EXERCISE PROMPT: In the material below, pictures must be dropped. Repeat exactly, and only, the lines from the line with "AFYEEV 32A 7.2KW" to the line with "所谓解释器模式就是定义语言的", both ends included.

GIVEN RECORDS:
★ ★ ★ ★ ★

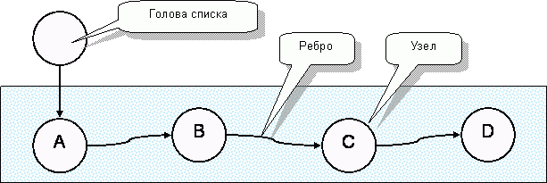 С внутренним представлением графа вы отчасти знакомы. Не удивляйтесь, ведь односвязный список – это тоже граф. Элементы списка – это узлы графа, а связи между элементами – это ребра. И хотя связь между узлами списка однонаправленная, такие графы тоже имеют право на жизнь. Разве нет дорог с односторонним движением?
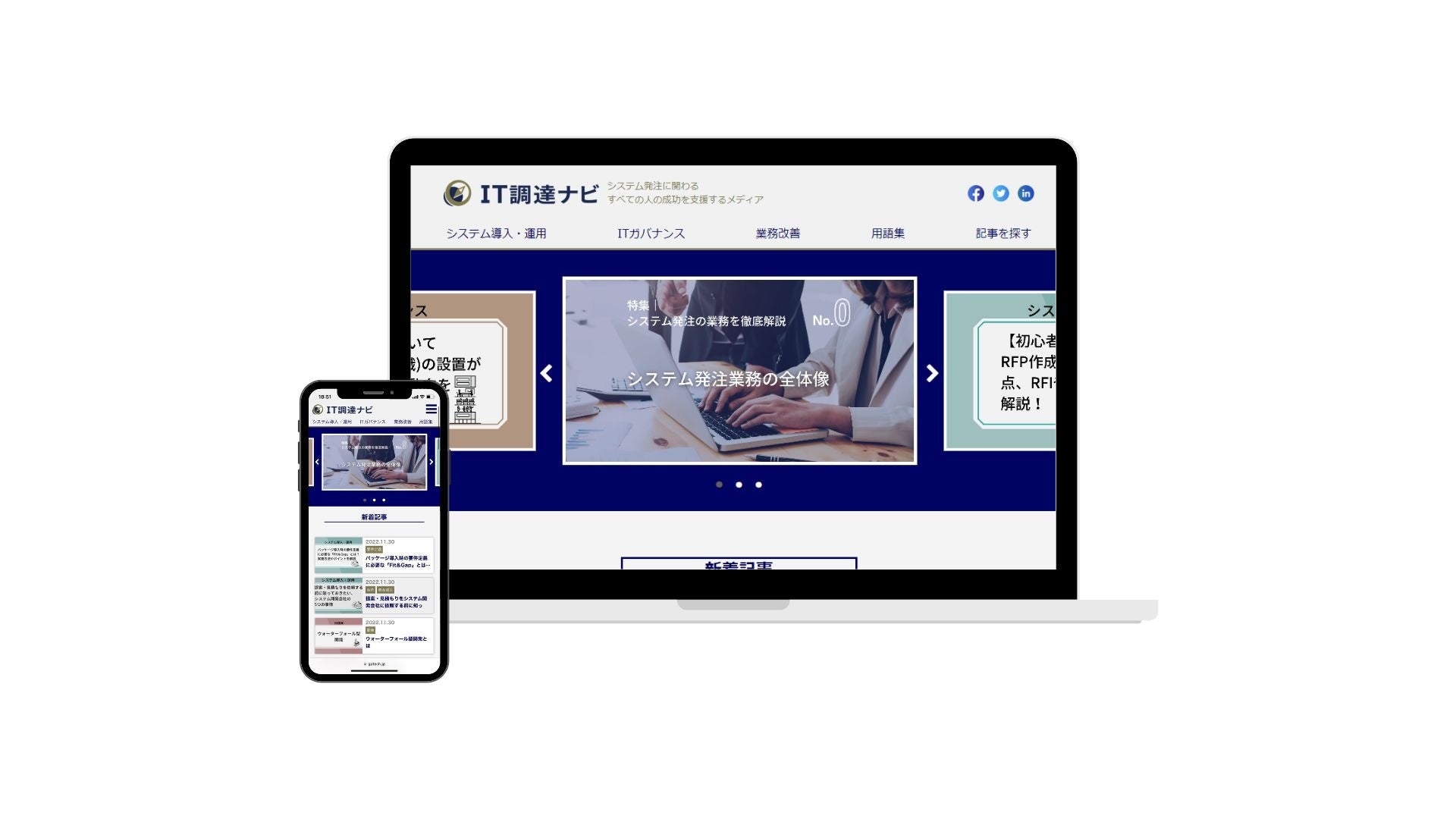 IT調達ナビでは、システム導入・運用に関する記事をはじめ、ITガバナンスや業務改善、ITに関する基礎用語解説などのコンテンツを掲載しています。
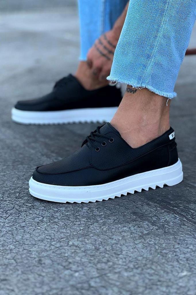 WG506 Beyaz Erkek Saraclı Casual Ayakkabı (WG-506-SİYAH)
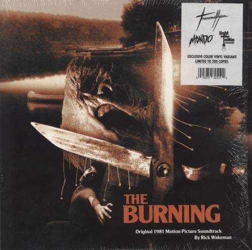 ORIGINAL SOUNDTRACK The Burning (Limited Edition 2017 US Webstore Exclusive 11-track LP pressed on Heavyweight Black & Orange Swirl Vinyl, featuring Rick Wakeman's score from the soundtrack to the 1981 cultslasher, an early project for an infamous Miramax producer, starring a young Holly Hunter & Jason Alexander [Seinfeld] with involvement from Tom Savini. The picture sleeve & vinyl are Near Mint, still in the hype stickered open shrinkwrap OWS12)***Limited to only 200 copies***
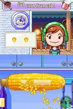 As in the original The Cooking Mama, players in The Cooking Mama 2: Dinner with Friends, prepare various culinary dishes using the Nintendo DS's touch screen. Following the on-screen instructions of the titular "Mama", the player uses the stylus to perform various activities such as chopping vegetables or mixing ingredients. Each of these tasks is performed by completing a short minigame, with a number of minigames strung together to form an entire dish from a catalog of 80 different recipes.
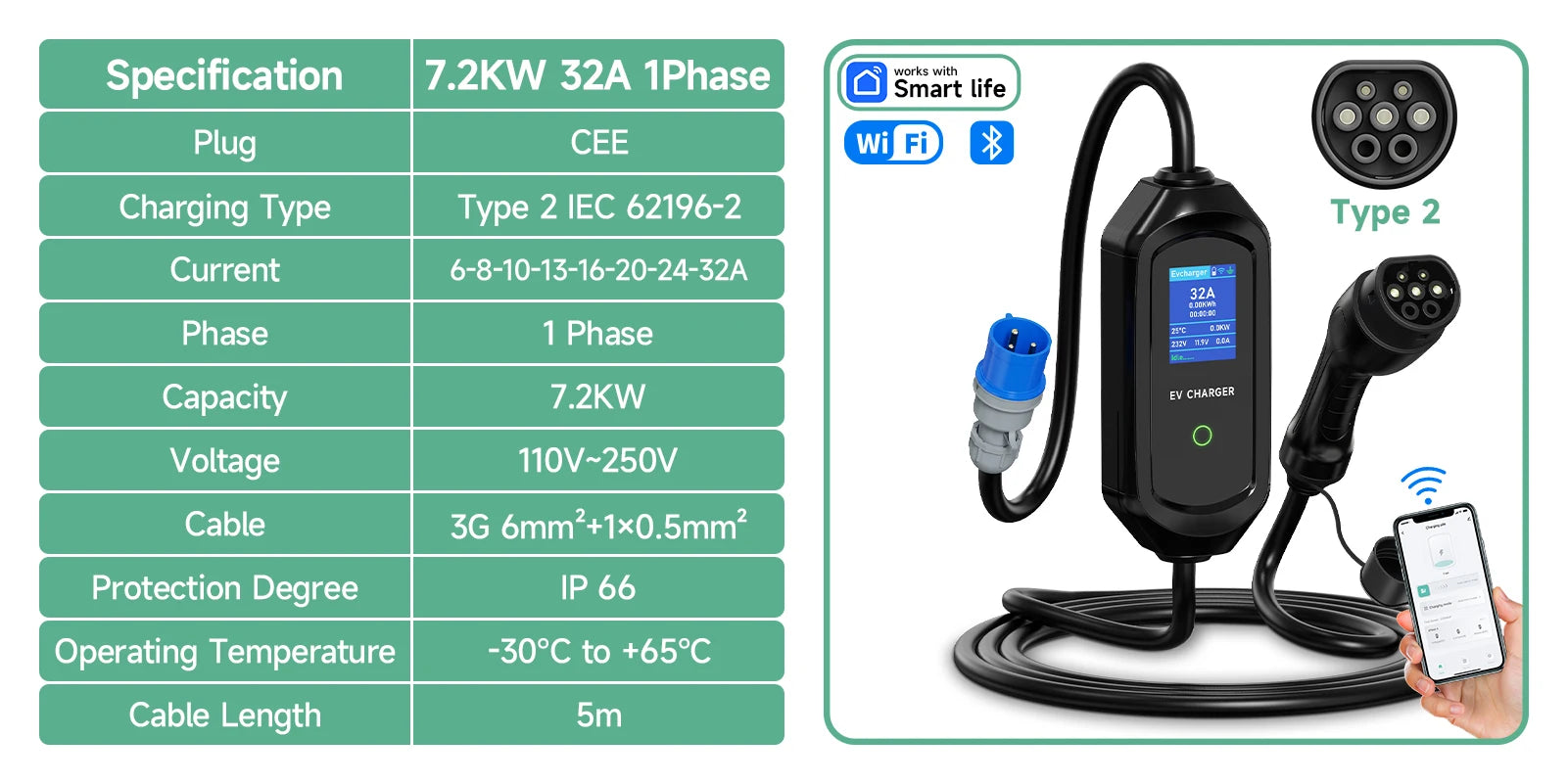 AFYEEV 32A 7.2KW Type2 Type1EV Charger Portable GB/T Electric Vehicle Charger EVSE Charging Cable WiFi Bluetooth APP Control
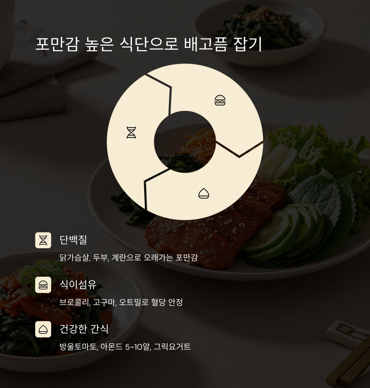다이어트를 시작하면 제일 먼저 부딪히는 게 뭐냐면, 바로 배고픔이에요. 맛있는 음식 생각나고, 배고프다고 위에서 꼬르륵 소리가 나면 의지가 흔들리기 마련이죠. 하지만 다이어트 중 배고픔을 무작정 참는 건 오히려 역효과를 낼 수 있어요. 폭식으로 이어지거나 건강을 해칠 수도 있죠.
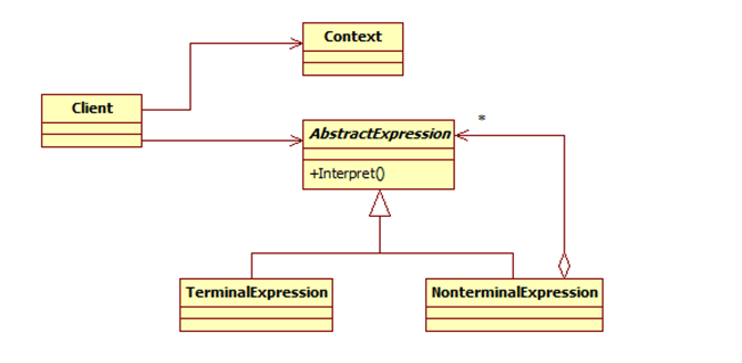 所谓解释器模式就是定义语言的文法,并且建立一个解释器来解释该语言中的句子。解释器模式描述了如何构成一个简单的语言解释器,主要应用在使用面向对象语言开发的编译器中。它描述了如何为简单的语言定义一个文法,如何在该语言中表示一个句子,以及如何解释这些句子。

★ ★ ★ ★ ★

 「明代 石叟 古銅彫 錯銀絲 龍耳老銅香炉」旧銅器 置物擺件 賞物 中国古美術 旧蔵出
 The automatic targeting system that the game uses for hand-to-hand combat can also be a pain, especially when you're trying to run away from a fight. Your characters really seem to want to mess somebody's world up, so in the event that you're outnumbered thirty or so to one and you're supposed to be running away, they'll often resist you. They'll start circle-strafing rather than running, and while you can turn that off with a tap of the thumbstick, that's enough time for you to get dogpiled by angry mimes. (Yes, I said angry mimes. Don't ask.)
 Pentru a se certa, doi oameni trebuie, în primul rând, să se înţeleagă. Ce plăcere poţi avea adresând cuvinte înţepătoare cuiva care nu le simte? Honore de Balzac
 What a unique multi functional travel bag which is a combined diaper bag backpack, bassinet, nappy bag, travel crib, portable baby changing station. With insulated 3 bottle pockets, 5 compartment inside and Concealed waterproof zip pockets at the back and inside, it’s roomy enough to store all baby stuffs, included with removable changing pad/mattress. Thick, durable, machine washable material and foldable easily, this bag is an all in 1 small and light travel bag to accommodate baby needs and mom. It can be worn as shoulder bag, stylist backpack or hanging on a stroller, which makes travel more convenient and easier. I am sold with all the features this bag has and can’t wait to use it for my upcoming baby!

★ ★ ★ ★ ★

FINISHED EXERCISE:
 AFYEEV 32A 7.2KW Type2 Type1EV Charger Portable GB/T Electric Vehicle Charger EVSE Charging Cable WiFi Bluetooth APP Control
다이어트를 시작하면 제일 먼저 부딪히는 게 뭐냐면, 바로 배고픔이에요. 맛있는 음식 생각나고, 배고프다고 위에서 꼬르륵 소리가 나면 의지가 흔들리기 마련이죠. 하지만 다이어트 중 배고픔을 무작정 참는 건 오히려 역효과를 낼 수 있어요. 폭식으로 이어지거나 건강을 해칠 수도 있죠.
 所谓解释器模式就是定义语言的文法,并且建立一个解释器来解释该语言中的句子。解释器模式描述了如何构成一个简单的语言解释器,主要应用在使用面向对象语言开发的编译器中。它描述了如何为简单的语言定义一个文法,如何在该语言中表示一个句子,以及如何解释这些句子。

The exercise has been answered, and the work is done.